● **Task objective**
The following data needs to be repeated exactly, with all images excluded.

● **Source data**
• • •
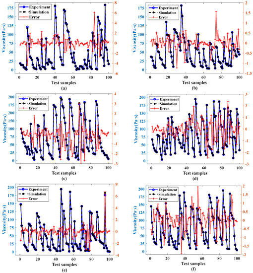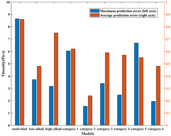 The errors in the predicted and experimental values of each model on the test set are shown in Figure 2. The randomly assigned test set contained data points with high viscosity values in the low-temperature region; nevertheless, the low viscosity values were in the high-temperature region. The ordinate of experimental value and the predicted value are on the left axis shown in Figure 2. Likewise, the ordinate of the error value is the right axis shown in Figure 2. The average predicted viscosity errors of the six categories of slag were 0.62, 0.24, 0.59, 0.57, 0.55, and 0.48 Pa·s. By dividing the slag using the competitive neural network, the BP neural network model developed based on the viscosity data in the second category had the highest prediction accuracy.
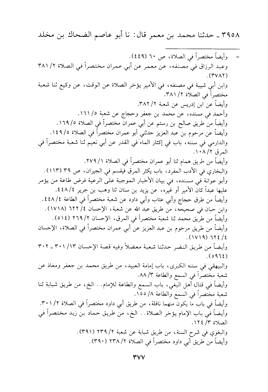 3959 - وَحَدَّثَنَا أَبُو مُوسَى، قَالَ: نَا مَرْحُومُ بْنُ عَبْدِ الْعَزِيزِ، قَالَ: نَا أَبُو عِمْرَانَ الْجَوْنِيُّ، عَنْ عَبْدِ اللَّهِ بْنِ الصَّامِتِ، عَنْ أَبِي ذَرٍّ، رَضِيَ اللَّهُ عَنْهُ، عَنِ النَّبِيِّ صَلَّى اللهُ عَلَيْهِ وَسَلَّمَ أَنَّهُ، قَالَ: «كَيْفَ تَصْنَعُ إِذَا بَلَغَ بِكَ الْجَهْدُ أَنْ لَا يَسْتَطِيعَ الرَّجُلُ أَنْ يَقُومَ إِلَى فِرَاشِهِ مِنَ الْجَهْدِ» قَالَ: قُلْتُ: اللَّهُ وَرَسُولُهُ أَعْلَمُ، قَالَ: «تَسْتَعِفُّ» ، قَالَ: «يَا أَبَا ذَرٍّ كَيْفَ تَصْنَعُ إِذَا كَثُرَ الْمَوْتُ حَتَّى يُبَاعَ الْبَيْتُ بِالْعَبْدِ» قَالَ: قُلْتُ: لِأَبِي عِمْرَانَ مَا الْبَيْتُ؟ قَالَ: الْقَبْرُ، قَالَ: قُلْتُ: اللَّهُ وَرَسُولُهُ أَعْلَمُ، قَالَ: «فَاصْبِرْ أَوْ تَصْبِرُ» قَالَ: " يَا أَبَا ذَرٍّ كَيْفَ تَصْنَعُ إِذَا كَثُرَ الْقَتْلُ حَتَّى يُغْرَقَ حِجَارَةُ الزَّيْتِ بِالدَّمِ، قُلْتُ: اللَّهُ وَرَسُولُهُ أَعْلَمُ، قَالَ: تَجْلِسُ فِي بَيْتِكَ، قُلْتُ: فَإِنْ لَمْ أَتْرُكْ، قَالَ: «تَلْحَقُ بِمَنْ أَنْتَ مِنْهُ» ، قُلْتُ: فَأَحْمِلُ مَعِي السِّلَاحَ، قَالَ: «قَدْ شَرِكْتَ الْقَوْمَ إِذًا» قَالَ: قُلْتُ: فَكَيْفَ أَصْنَعُ؟ قَالَ: «§إِنْ خَشِيتَ أَنْ يَبْهَرَكَ شُعَاعُ السَّيْفِ فَخُذْ بِنَاحِيَةِ ثَوْبِكَ فَأَلْقِهِ عَلَى وَجْهِكَ يَبُوءُ بِإِثْمِكَ وَإِثْمِهِ» -[379]- وَهَذَا الْحَدِيثُ رَوَاهُ جَمَاعَةٌ، عَنْ أَبِي عِمْرَانَ، عَنْ عَبْدِ اللَّهِ بْنِ الصَّامِتِ، عَنْ أَبِي ذَرٍّ إِلَّا حَمَّادُ بْنُ زَيْدٍ فَرَوَاهُ عَنْ أَبِي عِمْرَانَ، عَنِ الْمُشَعَّثِ بْنِ طَرِيفٍ، عَنْ عَبْدِ اللَّهِ بْنِ الصَّامِتِ، عَنْ أَبِي ذَرٍّ
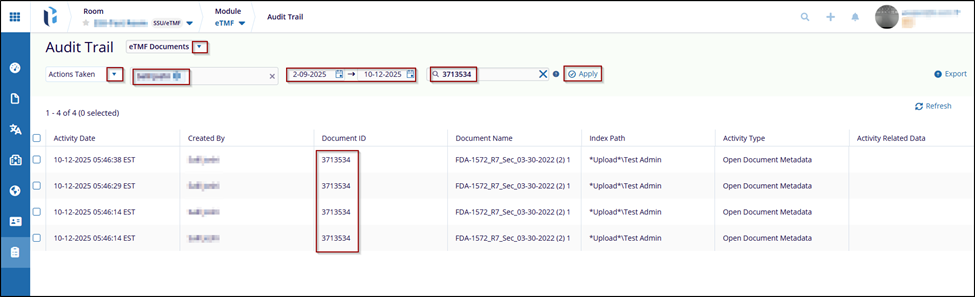 - On the Audit Trail screen, specify a parameter from the available dropdown options i.e., eTMF documents, Start-Up Documents, Start-Up and eTMF Documents, Folders, Placeholders and Users.
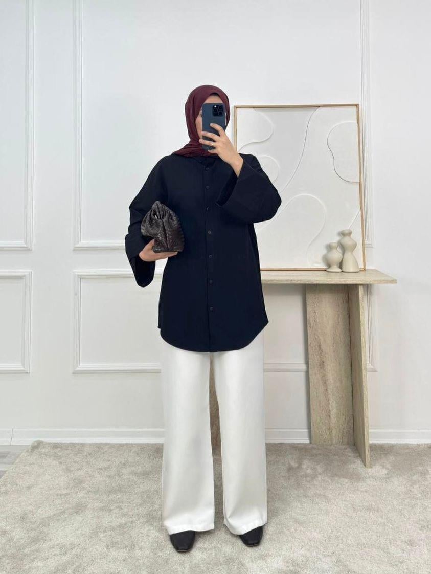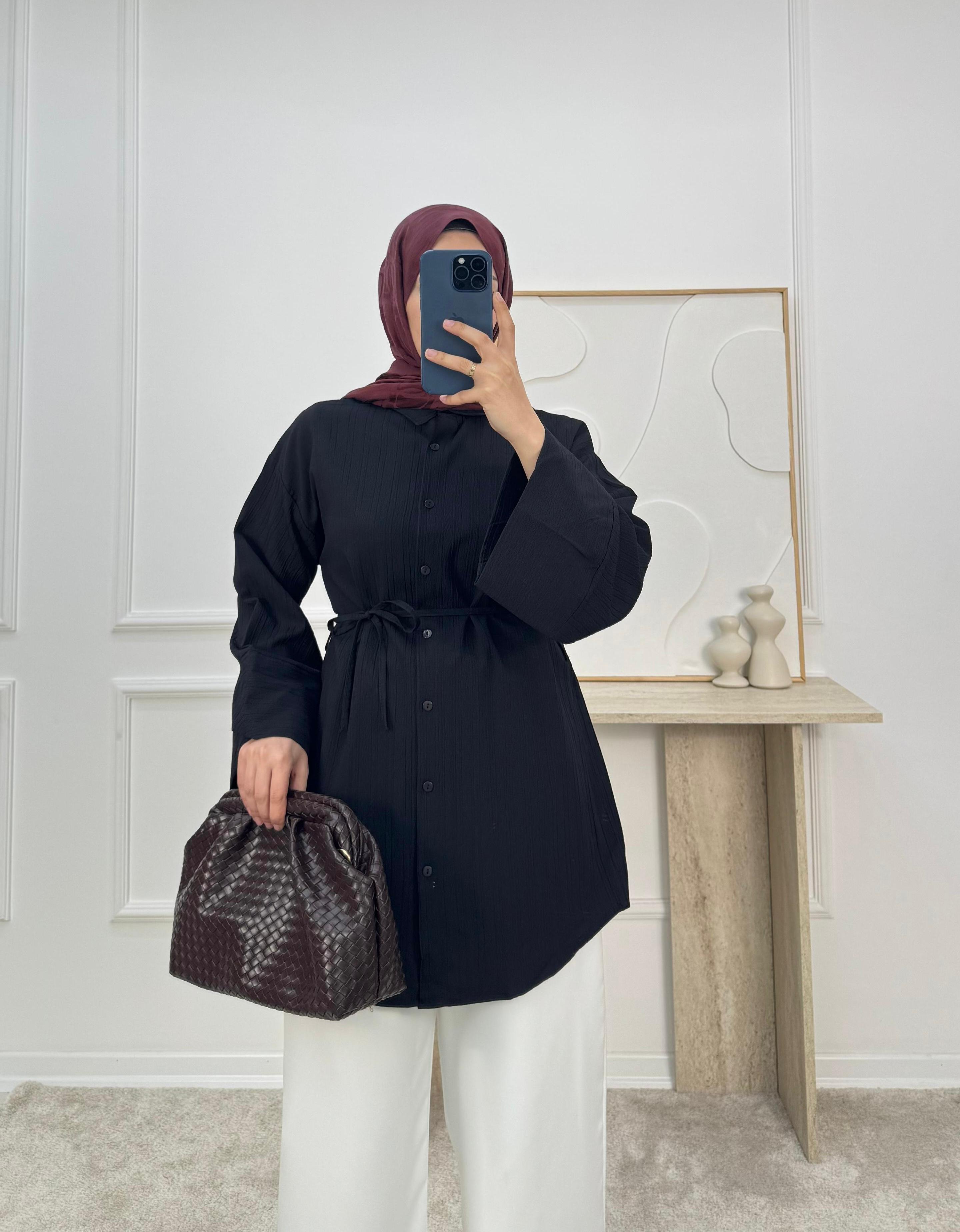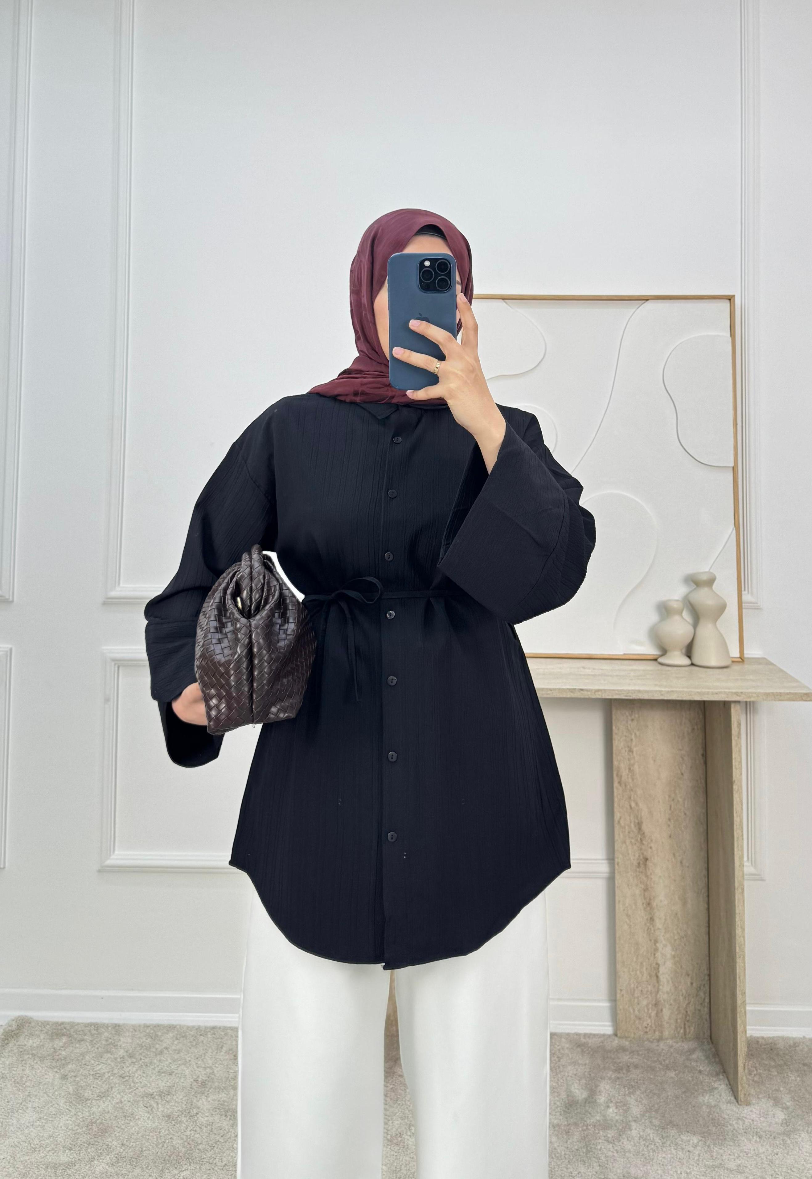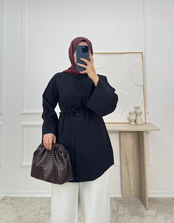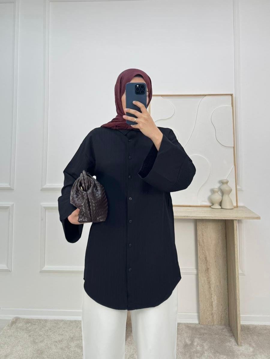 1625-nada kumaş dubai şerit kol gömlek-siyah (1625)
• • •
● **Result of the exercise**
 The errors in the predicted and experimental values of each model on the test set are shown in Figure 2. The randomly assigned test set contained data points with high viscosity values in the low-temperature region; nevertheless, the low viscosity values were in the high-temperature region. The ordinate of experimental value and the predicted value are on the left axis shown in Figure 2. Likewise, the ordinate of the error value is the right axis shown in Figure 2. The average predicted viscosity errors of the six categories of slag were 0.62, 0.24, 0.59, 0.57, 0.55, and 0.48 Pa·s. By dividing the slag using the competitive neural network, the BP neural network model developed based on the viscosity data in the second category had the highest prediction accuracy.
 3959 - وَحَدَّثَنَا أَبُو مُوسَى، قَالَ: نَا مَرْحُومُ بْنُ عَبْدِ الْعَزِيزِ، قَالَ: نَا أَبُو عِمْرَانَ الْجَوْنِيُّ، عَنْ عَبْدِ اللَّهِ بْنِ الصَّامِتِ، عَنْ أَبِي ذَرٍّ، رَضِيَ اللَّهُ عَنْهُ، عَنِ النَّبِيِّ صَلَّى اللهُ عَلَيْهِ وَسَلَّمَ أَنَّهُ، قَالَ: «كَيْفَ تَصْنَعُ إِذَا بَلَغَ بِكَ الْجَهْدُ أَنْ لَا يَسْتَطِيعَ الرَّجُلُ أَنْ يَقُومَ إِلَى فِرَاشِهِ مِنَ الْجَهْدِ» قَالَ: قُلْتُ: اللَّهُ وَرَسُولُهُ أَعْلَمُ، قَالَ: «تَسْتَعِفُّ» ، قَالَ: «يَا أَبَا ذَرٍّ كَيْفَ تَصْنَعُ إِذَا كَثُرَ الْمَوْتُ حَتَّى يُبَاعَ الْبَيْتُ بِالْعَبْدِ» قَالَ: قُلْتُ: لِأَبِي عِمْرَانَ مَا الْبَيْتُ؟ قَالَ: الْقَبْرُ، قَالَ: قُلْتُ: اللَّهُ وَرَسُولُهُ أَعْلَمُ، قَالَ: «فَاصْبِرْ أَوْ تَصْبِرُ» قَالَ: " يَا أَبَا ذَرٍّ كَيْفَ تَصْنَعُ إِذَا كَثُرَ الْقَتْلُ حَتَّى يُغْرَقَ حِجَارَةُ الزَّيْتِ بِالدَّمِ، قُلْتُ: اللَّهُ وَرَسُولُهُ أَعْلَمُ، قَالَ: تَجْلِسُ فِي بَيْتِكَ، قُلْتُ: فَإِنْ لَمْ أَتْرُكْ، قَالَ: «تَلْحَقُ بِمَنْ أَنْتَ مِنْهُ» ، قُلْتُ: فَأَحْمِلُ مَعِي السِّلَاحَ، قَالَ: «قَدْ شَرِكْتَ الْقَوْمَ إِذًا» قَالَ: قُلْتُ: فَكَيْفَ أَصْنَعُ؟ قَالَ: «§إِنْ خَشِيتَ أَنْ يَبْهَرَكَ شُعَاعُ السَّيْفِ فَخُذْ بِنَاحِيَةِ ثَوْبِكَ فَأَلْقِهِ عَلَى وَجْهِكَ يَبُوءُ بِإِثْمِكَ وَإِثْمِهِ» -[379]- وَهَذَا الْحَدِيثُ رَوَاهُ جَمَاعَةٌ، عَنْ أَبِي عِمْرَانَ، عَنْ عَبْدِ اللَّهِ بْنِ الصَّامِتِ، عَنْ أَبِي ذَرٍّ إِلَّا حَمَّادُ بْنُ زَيْدٍ فَرَوَاهُ عَنْ أَبِي عِمْرَانَ، عَنِ الْمُشَعَّثِ بْنِ طَرِيفٍ، عَنْ عَبْدِ اللَّهِ بْنِ الصَّامِتِ، عَنْ أَبِي ذَرٍّ
 - On the Audit Trail screen, specify a parameter from the available dropdown options i.e., eTMF documents, Start-Up Documents, Start-Up and eTMF Documents, Folders, Placeholders and Users.
 1625-nada kumaş dubai şerit kol gömlek-siyah (1625)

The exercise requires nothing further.